The no-memory rows come from each matrix's own paired control, so the most useful read is both the absolute domain average and the delta against that matrix's no-memory baseline.

Shape Route Legacy/default prompt avg Legacy delta Procedure-shaped prompt avg Procedure delta New - legacy Read
No-memory - 0.79375 - 0.80156 - +0.00781 Separate paired controls; not the claimed prompt effect.
Trajectory fixed top4 first-user 0.79688 +0.00313 0.83437 +0.03281 +0.03749 Procedure shape makes first-turn recall useful.
Trajectory fixed top4 pre-write-only 0.80781 +0.01406 0.82812 +0.02656 +0.02031 Both positive; procedure shape is stronger.
Trajectory fixed top4 first-user + pre-write 0.79531 +0.00156 0.84688 +0.04531 +0.05157 Headline PR-B route.
Experience fixed top2 first-user 0.80312 +0.00938 0.81406 +0.01250 +0.01094 Small positive control; not headline.
Experience fixed top2 pre-write-only 0.79844 +0.00469 0.82031 +0.01875 +0.02187 Procedure branch is stronger.
Experience fixed top2 first-user + pre-write 0.78125 -0.01250 0.82344 +0.02188 +0.04219 Legacy combo hurts; procedure combo helps.
Trajectory 4000-char first-user 0.79375 +0.00000 0.81563 +0.01406 +0.02188 Budgeted first-user remains weaker than fixed top4.
Trajectory 4000-char pre-write-only 0.82344 +0.02969 0.81719 +0.01562 -0.00625 Best legacy route, but still below procedure fixed top4 combo.
Trajectory 4000-char first-user + pre-write 0.81094 +0.01719 0.82031 +0.01875 +0.00937 Both positive but below headline.
Experience 4000-char first-user 0.77812 -0.01562 0.80000 -0.00156 +0.02188 Neither should be headline.
Experience 4000-char pre-write-only 0.81250 +0.01875 0.80625 +0.00469 -0.00625 Legacy budget has a small edge here, but route is not best overall.
Experience 4000-char first-user + pre-write 0.77969 -0.01406 0.81250 +0.01094 +0.03281 Procedure branch avoids the legacy combo regression.

The legacy/default prompt control completed with 208/208 valid cells.
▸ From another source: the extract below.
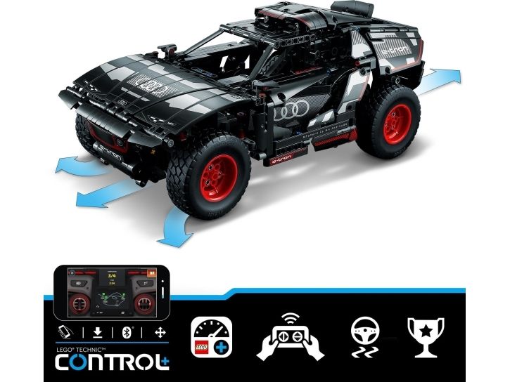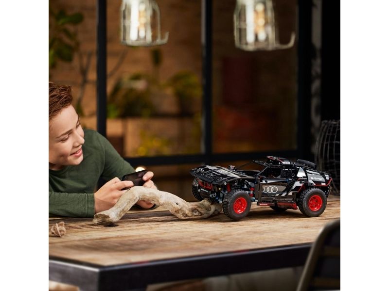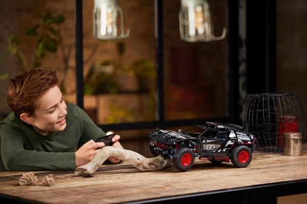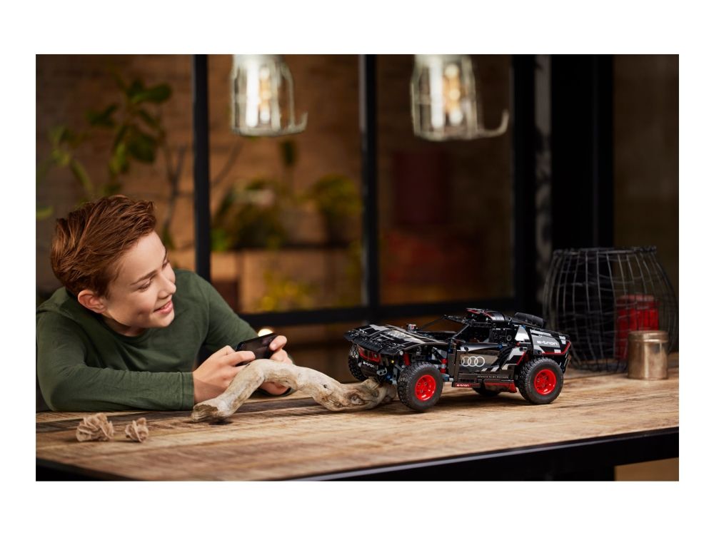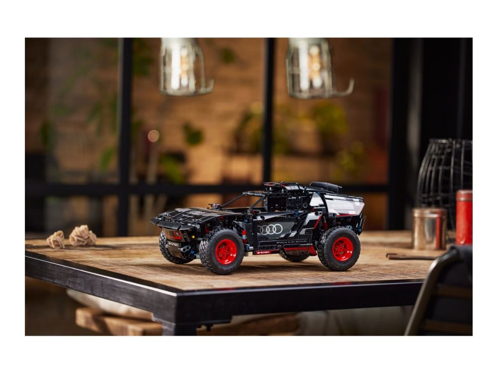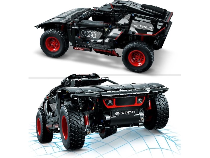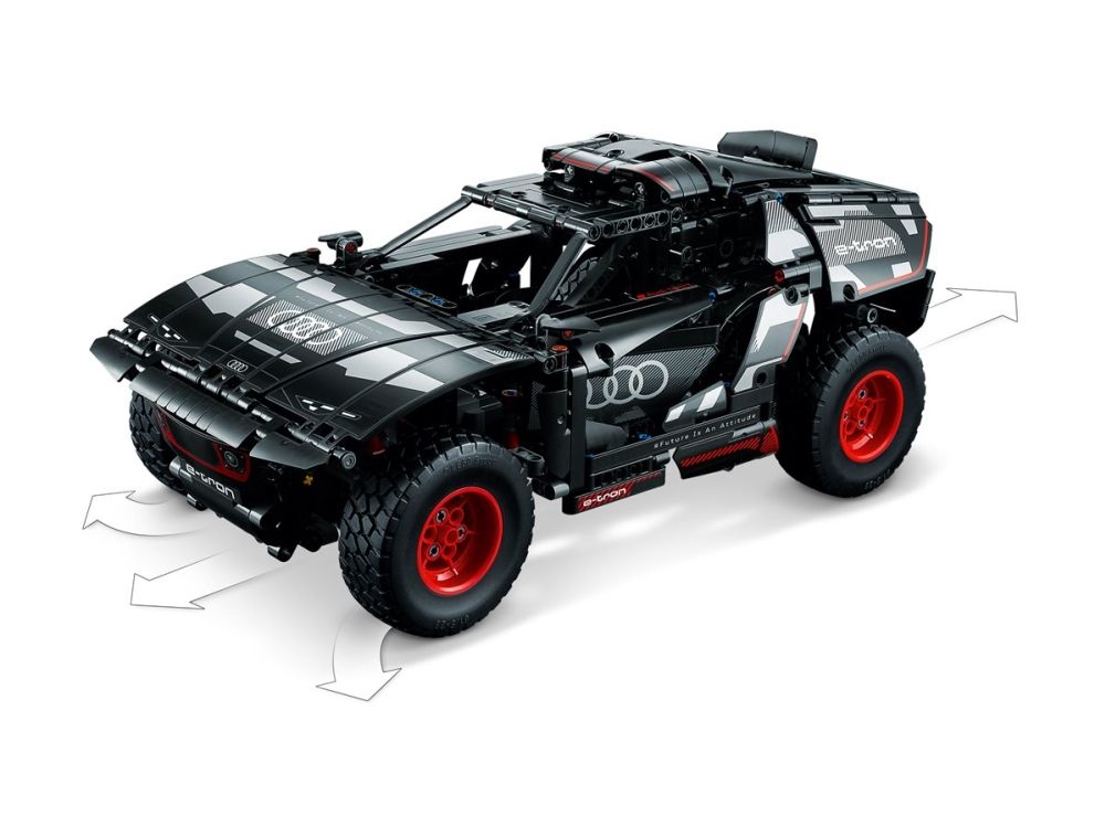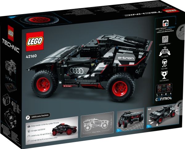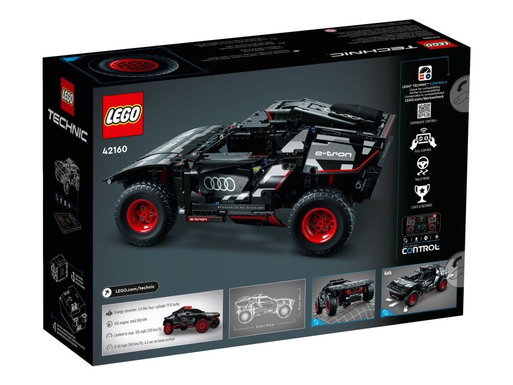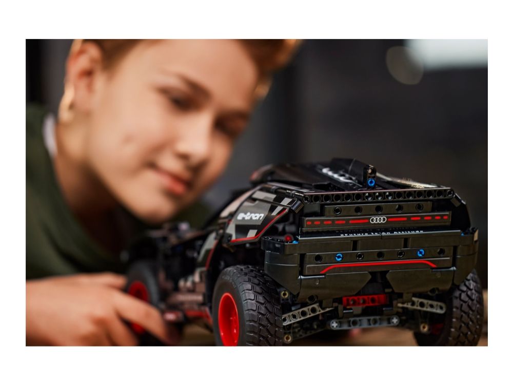 Med modellen LEGO® Technic Audi RS Q e-tron (42160) kan rallyinteresserte barn sette byggeferdighetene sine på prøve. Underveis i byggeprosessen får de en forståelse av funksjonsmåten til den virkelige elbilen som Audi designet til de krevende ørkenforholdene i Rally Dakar. Modellen har mange realistiske detaljer, inkludert uavhengig demping på alle fire hjul. Den har også et nytt Technic hjulelement som ble designet spesielt for denne modellen, og som gjenspeiler originalens hjuldesign.

The complete comparison is intentionally not one-sided: legacy 4000-character pre-write has a couple of small wins, but the fixed-count trajectory routes, especially first-user + pre-write, are much stronger with the procedure/action-boundary extraction protocol. This supports keeping the extraction-protocol change as the center of the PR rather than treating the result as a corpus-only or budget-only effect.
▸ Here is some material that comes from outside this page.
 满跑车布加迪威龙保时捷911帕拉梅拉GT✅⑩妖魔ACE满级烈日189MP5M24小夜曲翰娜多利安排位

Success + failure outcome-label ablation

This is a risk check for reviewers who worry that the new extraction prompt might only be safe on successful trajectories. I rebuilt success+failure corpora where failed training sessions carry only a minimal outcome label, not TAU-2 reward assertions or evaluator feedback. The result does not beat the success-only headline, so this PR keeps the default corpus success-only and leaves failure memories for a separate anti-pattern / root-cause compression design.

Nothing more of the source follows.